In this example, however, note that you would need to pay commissions to enter and exit the market, which would eat into profits. Also, you may need to pay capital gains tax on the amount that you earn on the trade. Furthermore, you would need a lot of capital to put down unless you have margin for trade. The entire trade would cost $20,000 outside of the fees and taxes, so for many people, such a purchase would not be feasible.  

Now imagine the same scenario as a spread bet. You can buy shares of Company X at $200. The next step in the process is deciding on a point value. A point is the minimum amount of movement in price and asset may make. Often, one point is one cent. Imagine that you take a buy or “up bet” on Company X at a value of $10 per point. If the stock increases to $205, then you just made $5,000 ($10 per point x 500 points/cents = $5,000).  

Spread betting makes it possible to profit without as large of an upfront investment. Furthermore, you will not need to pay any commissions and might not even owe taxes, depending on your jurisdiction. In addition, you were not required to put down any money to make this gain, unlike in the stock example that required thousands of dollars upfront. Of course, brokers usually require a deposit, but it is usually about 5 percent or so of the possible payout, which is much less than you would need to purchase the stock.  

2. The Major Risk Involved with Spread Betting 

Since much spread betting occurs on leverage, it is possible to make a lot of money with relatively little capital, as in the example above. However, the potential for major returns also means that you could experience major losses. In the example above, the cost of Company X stock could have fallen to $195, in which case you would owe $5,000. And because the broker sets the spread, you do not have a choice in how much it is possible to oh. 

When the market moves against you, the fallout can be catastrophic. When you are earning money, brokers are happy to continue working on leverage because they know that the odds are you will end up experiencing a major loss eventually. However, if you are in the red, brokers will not let you continue bettering until you pay. This means you never have the chance to earn money back, so you need to be prepared to lose when you spread bet.  

To reduce risk in spread betting, speculators can employ a couple of tools, such as a stop-loss order. This order will automatically close out a losing trade once the market passes a set price level. With a standard stop-loss order, the position gets closed at the best available price for the set stop value. Thus, it is possible that your trade can be closed out at a worse level than that of the stop trigger if the market is in a volatile state. In other words, this is not a guaranteed protection.  

You may also opt for a guaranteed stop-loss order, which guarantees the close of a position at the exact value you set regardless of market conditions. You can think of this sort of like the ability to set your own spread rather than settling for what the broker offers. However, this type of insurance is not free and will limit your earnings. Some speculators mitigate risk through arbitrage.  

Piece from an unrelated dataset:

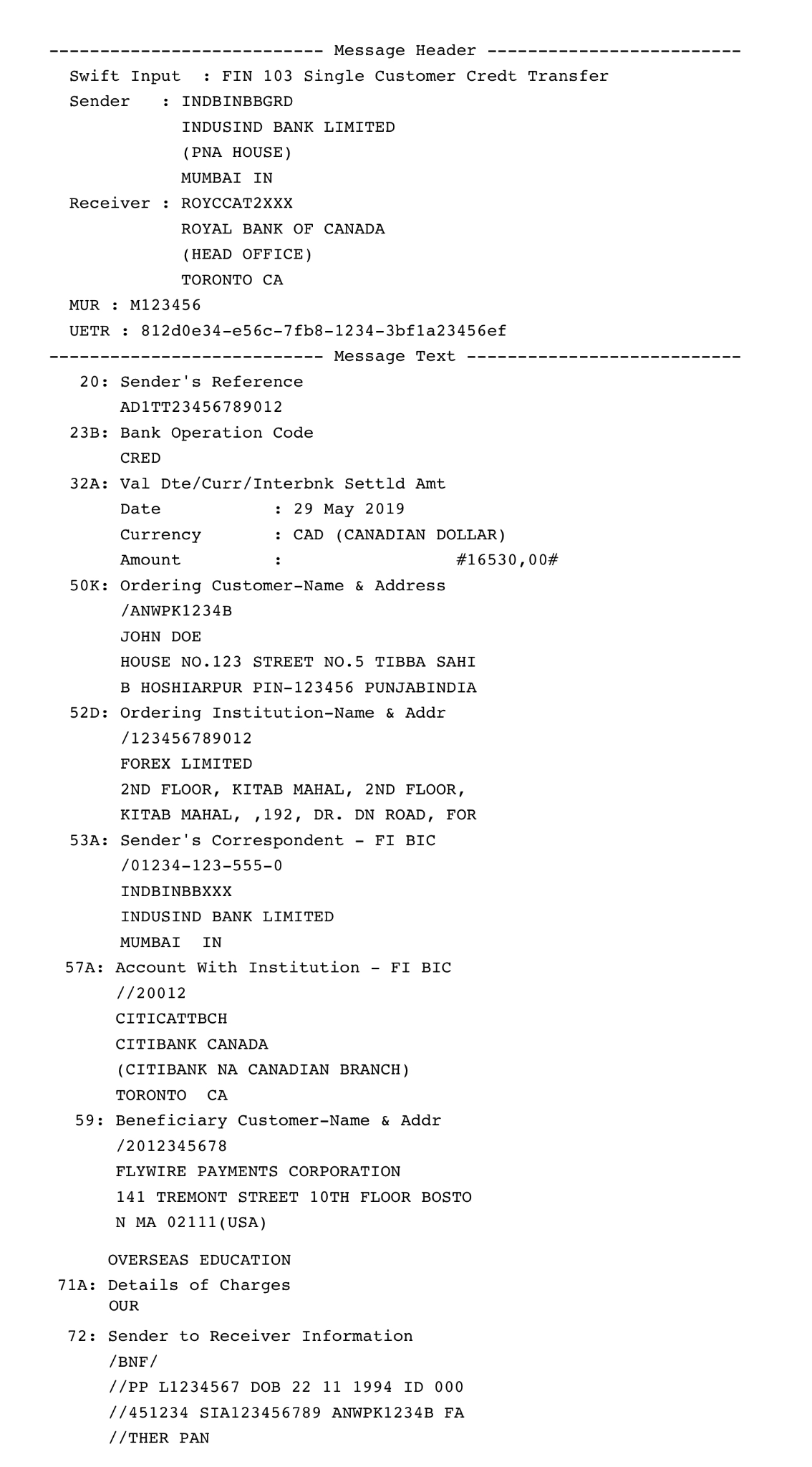 - Mẫu chứng từ xác nhận SWIFT MT103

3. Arbitrage as a Strategy for Mitigating Spread Betting Risk 

Arbitrage involves betting two ways at the same time. The prices of equal financial instruments can vary in different markets or between different companies. Thus, you can buy the same asset low and sell it high simultaneously. Arbitrage takes advantage of market inefficiencies to secure risk-free returns. Opportunities for arbitrage in spread betting are limited because investors have access to so much real-time information that there are few market inefficiencies to be identified.  

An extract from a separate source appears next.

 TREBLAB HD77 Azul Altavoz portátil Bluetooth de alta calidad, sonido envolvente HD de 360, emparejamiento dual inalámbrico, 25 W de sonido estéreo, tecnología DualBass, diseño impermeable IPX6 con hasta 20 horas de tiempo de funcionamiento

However, it is still possible when two companies take different stances on the market while setting their own spreads. Since the top end of a spread from one company is below the bottom end of the spread of another, you can buy low and sell high. Shifts in the market do not affect profits. While people think of this as a risk-free strategy, you still need to execute the trade seamlessly to pull it off and that is after identifying the opportunity.  

Follow These 5 Tips to Control Risk When Investing in Cryptocurrency 

One of the most important issues to address in investing is risk tolerance. Among investors, risk tolerance varies according to investing timeline, ultimate goals, and overall comfort with the possibility of losing money. People with high risk tolerance accept that possibility for the chance to increase their money significantly.  

One of the investment opportunities currently available to investors with extremely high risk and chance of reward is cryptocurrency. If you decide to invest in cryptocurrency, you need to do so strategically to minimize the risk involved. However, you also need to recognize that the risk is still very high despite a strategic approach. Some tips to consider as you invest in cryptocurrency include: 

1. Understand the investment you are making.  

One of the biggest mistakes that people make when they invest in cryptocurrency is purchasing coins that they do not completely understand. Usually, this happens because people get swayed by the media and other trends to make impulse decisions. Rather than act impulsively, take the time to understand what makes a particular coin special. Doing this will help you judge whether it has a long-term future or rather will only show a short spike in value.  

All cryptocurrency companies publish white papers that situate their product among others on the market. At the very least, read through these white papers and try to understand the thinking and motivation behind the coin you are interested in. Be sure you can articulate how that particular coin operates and how the company plans to make money. If these questions are not clearly answered in the white paper, that is a red flag. 

2. Set up a cold wallet for your cryptocurrencies.  

When you purchase cryptocurrency, you need a digital wallet to store the coins. Many investors do not understand that there are two different types of digital wallets: hot and cold. The default wallet is a hot one. This type of wallet stores cryptocurrency online so that it is immediately accessible for your needs.  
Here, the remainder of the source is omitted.